Where does the string "modern" occur in the entries below? Copy every line where it does.
··· Material for this exercise ···
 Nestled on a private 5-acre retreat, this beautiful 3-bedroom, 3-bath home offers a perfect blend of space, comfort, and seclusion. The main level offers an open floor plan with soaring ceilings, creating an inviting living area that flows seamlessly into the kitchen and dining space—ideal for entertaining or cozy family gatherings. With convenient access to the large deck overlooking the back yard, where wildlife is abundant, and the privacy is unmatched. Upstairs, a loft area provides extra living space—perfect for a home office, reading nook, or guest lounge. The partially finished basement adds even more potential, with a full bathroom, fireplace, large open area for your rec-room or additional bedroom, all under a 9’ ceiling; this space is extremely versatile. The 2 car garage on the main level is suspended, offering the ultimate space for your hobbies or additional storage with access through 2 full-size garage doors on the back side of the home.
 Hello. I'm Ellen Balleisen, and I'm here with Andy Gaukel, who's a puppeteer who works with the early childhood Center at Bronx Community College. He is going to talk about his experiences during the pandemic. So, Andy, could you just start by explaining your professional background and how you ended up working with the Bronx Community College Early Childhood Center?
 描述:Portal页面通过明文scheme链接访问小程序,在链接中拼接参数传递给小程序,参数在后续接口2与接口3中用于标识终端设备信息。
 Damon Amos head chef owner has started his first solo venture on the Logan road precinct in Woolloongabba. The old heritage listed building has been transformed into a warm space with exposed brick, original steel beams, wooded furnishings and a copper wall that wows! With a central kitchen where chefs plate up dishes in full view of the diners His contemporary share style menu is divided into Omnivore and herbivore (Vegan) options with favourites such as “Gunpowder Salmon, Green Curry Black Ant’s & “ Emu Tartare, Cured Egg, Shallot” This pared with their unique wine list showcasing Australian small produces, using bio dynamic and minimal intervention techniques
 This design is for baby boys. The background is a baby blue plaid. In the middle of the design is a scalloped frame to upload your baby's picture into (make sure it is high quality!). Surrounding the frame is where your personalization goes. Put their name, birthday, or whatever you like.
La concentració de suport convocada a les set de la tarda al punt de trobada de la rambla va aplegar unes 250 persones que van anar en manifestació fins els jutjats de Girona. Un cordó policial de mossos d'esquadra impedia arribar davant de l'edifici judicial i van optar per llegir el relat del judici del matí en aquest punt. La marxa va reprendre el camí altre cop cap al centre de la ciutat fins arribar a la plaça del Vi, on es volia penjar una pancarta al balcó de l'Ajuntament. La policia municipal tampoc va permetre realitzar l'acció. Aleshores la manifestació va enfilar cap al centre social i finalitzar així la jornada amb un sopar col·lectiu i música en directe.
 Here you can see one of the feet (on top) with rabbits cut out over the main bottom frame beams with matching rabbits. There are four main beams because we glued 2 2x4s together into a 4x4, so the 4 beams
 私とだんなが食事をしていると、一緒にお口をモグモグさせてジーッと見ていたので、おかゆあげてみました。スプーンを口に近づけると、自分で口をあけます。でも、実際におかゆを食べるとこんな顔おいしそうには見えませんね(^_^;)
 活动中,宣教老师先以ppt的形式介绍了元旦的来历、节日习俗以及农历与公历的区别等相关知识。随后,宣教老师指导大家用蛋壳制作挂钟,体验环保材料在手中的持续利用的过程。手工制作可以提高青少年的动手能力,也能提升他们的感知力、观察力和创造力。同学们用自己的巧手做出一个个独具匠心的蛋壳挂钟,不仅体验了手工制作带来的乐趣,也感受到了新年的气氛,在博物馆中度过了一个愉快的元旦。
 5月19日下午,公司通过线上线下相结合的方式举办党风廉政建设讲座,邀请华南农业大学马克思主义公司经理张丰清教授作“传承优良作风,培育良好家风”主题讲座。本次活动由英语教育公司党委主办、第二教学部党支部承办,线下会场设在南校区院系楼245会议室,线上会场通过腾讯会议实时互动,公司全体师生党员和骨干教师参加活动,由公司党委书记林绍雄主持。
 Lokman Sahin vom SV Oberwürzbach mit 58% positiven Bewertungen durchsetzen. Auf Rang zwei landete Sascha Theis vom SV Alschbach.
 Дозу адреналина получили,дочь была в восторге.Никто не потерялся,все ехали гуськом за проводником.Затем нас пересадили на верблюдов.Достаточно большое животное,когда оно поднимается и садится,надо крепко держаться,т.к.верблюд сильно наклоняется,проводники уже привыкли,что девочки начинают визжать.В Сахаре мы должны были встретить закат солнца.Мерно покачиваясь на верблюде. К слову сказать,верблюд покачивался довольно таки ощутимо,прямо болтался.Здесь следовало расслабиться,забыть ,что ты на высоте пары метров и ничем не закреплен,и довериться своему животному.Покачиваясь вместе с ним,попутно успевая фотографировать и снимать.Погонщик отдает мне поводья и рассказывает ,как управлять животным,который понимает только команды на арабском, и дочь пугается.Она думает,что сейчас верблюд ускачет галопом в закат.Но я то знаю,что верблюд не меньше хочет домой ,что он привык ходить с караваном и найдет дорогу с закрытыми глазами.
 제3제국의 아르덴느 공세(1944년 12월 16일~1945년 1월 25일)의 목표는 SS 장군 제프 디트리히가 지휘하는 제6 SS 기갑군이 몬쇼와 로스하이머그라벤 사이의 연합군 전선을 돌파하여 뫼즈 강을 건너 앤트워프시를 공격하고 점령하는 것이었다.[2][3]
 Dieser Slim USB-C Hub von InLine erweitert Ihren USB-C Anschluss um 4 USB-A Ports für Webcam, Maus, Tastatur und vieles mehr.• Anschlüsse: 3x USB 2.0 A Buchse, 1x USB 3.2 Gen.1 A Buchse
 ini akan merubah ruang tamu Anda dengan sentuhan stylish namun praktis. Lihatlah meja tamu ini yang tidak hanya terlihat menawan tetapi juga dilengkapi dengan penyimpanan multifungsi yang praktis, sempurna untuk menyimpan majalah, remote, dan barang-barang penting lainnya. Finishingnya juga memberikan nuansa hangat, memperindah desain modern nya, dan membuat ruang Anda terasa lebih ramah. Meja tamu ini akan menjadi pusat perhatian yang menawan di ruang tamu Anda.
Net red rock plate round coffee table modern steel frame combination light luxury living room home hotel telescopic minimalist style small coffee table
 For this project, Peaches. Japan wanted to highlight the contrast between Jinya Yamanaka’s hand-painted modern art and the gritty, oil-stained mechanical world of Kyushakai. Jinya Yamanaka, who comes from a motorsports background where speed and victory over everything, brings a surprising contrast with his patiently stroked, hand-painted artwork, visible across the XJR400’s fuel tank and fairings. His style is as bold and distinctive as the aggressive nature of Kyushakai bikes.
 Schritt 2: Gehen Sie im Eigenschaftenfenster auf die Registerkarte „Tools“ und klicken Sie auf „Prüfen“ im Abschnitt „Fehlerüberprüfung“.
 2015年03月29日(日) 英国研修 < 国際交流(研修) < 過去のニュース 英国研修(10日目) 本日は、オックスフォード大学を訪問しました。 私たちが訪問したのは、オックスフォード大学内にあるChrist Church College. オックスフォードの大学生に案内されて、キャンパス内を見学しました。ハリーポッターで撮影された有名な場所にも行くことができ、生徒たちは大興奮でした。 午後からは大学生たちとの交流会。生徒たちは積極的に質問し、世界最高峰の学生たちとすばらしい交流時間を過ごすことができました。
···
### Answer space
 ini akan merubah ruang tamu Anda dengan sentuhan stylish namun praktis. Lihatlah meja tamu ini yang tidak hanya terlihat menawan tetapi juga dilengkapi dengan penyimpanan multifungsi yang praktis, sempurna untuk menyimpan majalah, remote, dan barang-barang penting lainnya. Finishingnya juga memberikan nuansa hangat, memperindah desain modern nya, dan membuat ruang Anda terasa lebih ramah. Meja tamu ini akan menjadi pusat perhatian yang menawan di ruang tamu Anda.
Net red rock plate round coffee table modern steel frame combination light luxury living room home hotel telescopic minimalist style small coffee table
 For this project, Peaches. Japan wanted to highlight the contrast between Jinya Yamanaka’s hand-painted modern art and the gritty, oil-stained mechanical world of Kyushakai. Jinya Yamanaka, who comes from a motorsports background where speed and victory over everything, brings a surprising contrast with his patiently stroked, hand-painted artwork, visible across the XJR400’s fuel tank and fairings. His style is as bold and distinctive as the aggressive nature of Kyushakai bikes.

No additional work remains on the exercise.